Fratelli par aaapoumbapoum
Un « frère », un vrai, c’est le camarade idéal. Le sang n’a jamais rien eu à voir là-dedans. La fraternité se veut depuis longtemps affaire d’amour, de solidarité indéfectible, exempt de bassesse et de trahison. Plus encore en Italie, terre connue pour ses divisions, où l’hymne invite les Fratelli D’Italia à s’unir sous une même bannière.
Alessandro Tota dépeint donc cette fraternité là. Au début à travers le destin de deux vrais frères, en mal d’argent, en deuil de père, en quête de drogue, pieds nickelés qui projettent de brader l’héritage familial pour une poignée de cacahouètes. Les errances et les accidents trahissent l’impuissance de leur affection l’un pour l’autre. La misère ronge les liens, désœuvrement et petitesse gagnent.
Les nouvelles suivantes parachèvent cette déconstruction des relations humaines, l’aveu de leur rachitisme, la solitude qu’elle installe. Les frères éclipsés par l’intrigue, amis et gens du quartier passent sur le devant de la scène. Là encore, failles et mensonges transparaissent à mesure que les agressions de la vie s’amplifient. Les tentatives d’honnêteté avortent, l’abandon triomphe.
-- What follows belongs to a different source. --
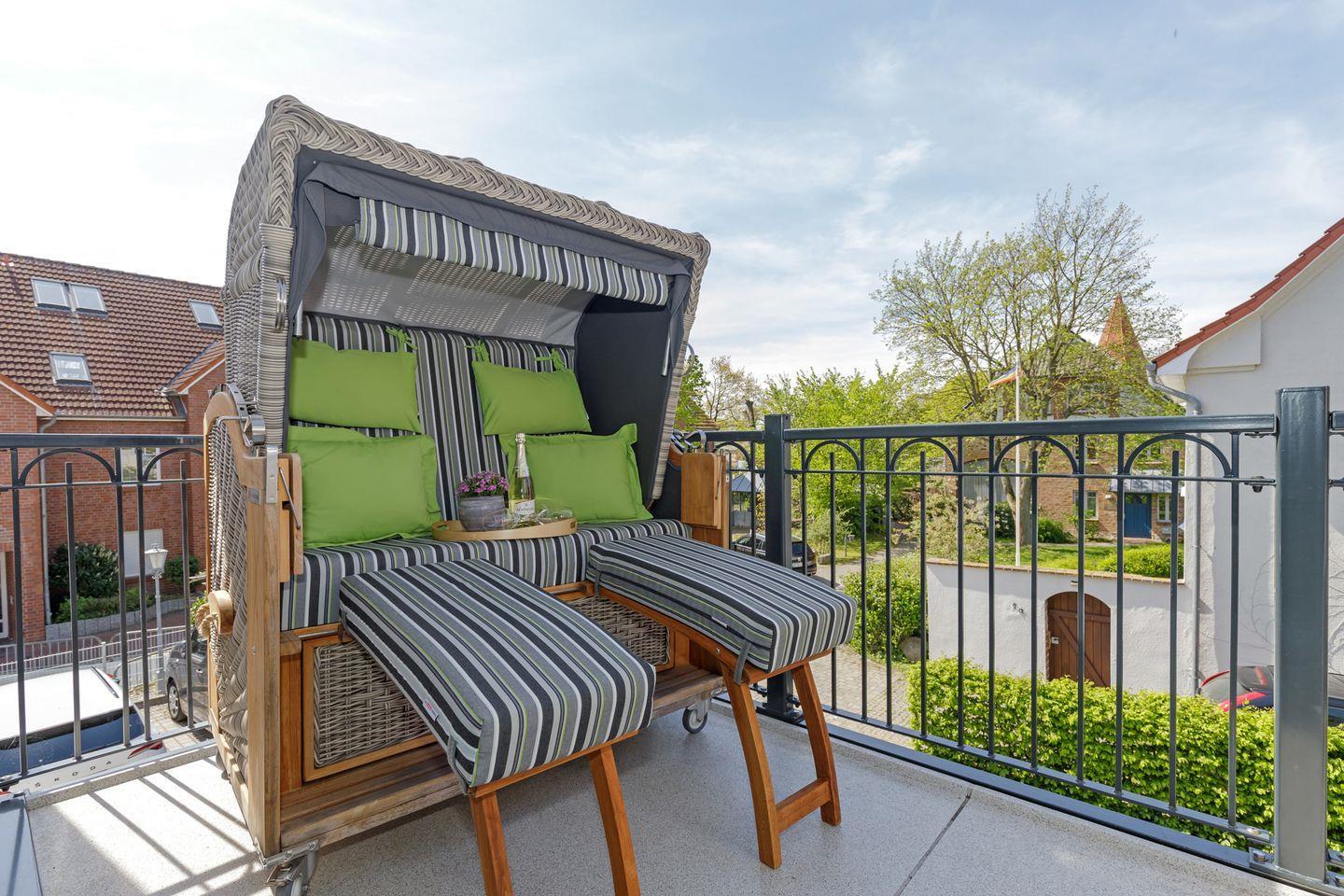 Vom hellen lichtdurchfluteten Wohnbereich mit gemütlicher Leder-Sitzecke, Relaxsessel und Massivholzmöbeln gelangen Sie auf den Süd/West-Balkon mit einem gemütlichen Strandkorb und einem Lounchsofa für einen entspannten Tagesausklang.
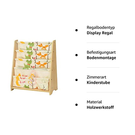 - DEKORATIV: Das hübsche Bücherregal mit seinen leuchtenden Farben zieht die Kinder an. Tiere, Bäume, Vögel u.a. bringen Begeisterung in das Leben und Denken von Kindern. 3 kleine Taschen am Boden bieten zusätzlichen Stauraum für Schulsachen

Alessandro Tota fait partie de ces rares auteurs qui proposent une vision complexe de la précarité. On pense évidemment à Gilles Rochier et à son très juste T.M.L.P., paru au début de l’année. Tous deux ont la qualité d’introduire du détail et de la nuance dans ces environnements souvent caricaturés, d’insuffler de l’ambivalence dans les destins, de ne pas appuyer sur le caractère inextricable du quotidien. Tous deux pèchent également par excès de romantisme. Alessandro Tota, c’est dommage, souligne avec pesanteur les regards déçus, les silences contrariés, alors que l’embarras parait déjà évident sans ce maniérisme du dessin. Mais en dehors de cette légère complaissance graphique, Fratelli apparait comme un livre juste, parfaitement au courant de son sujet, le plus souvent émouvant.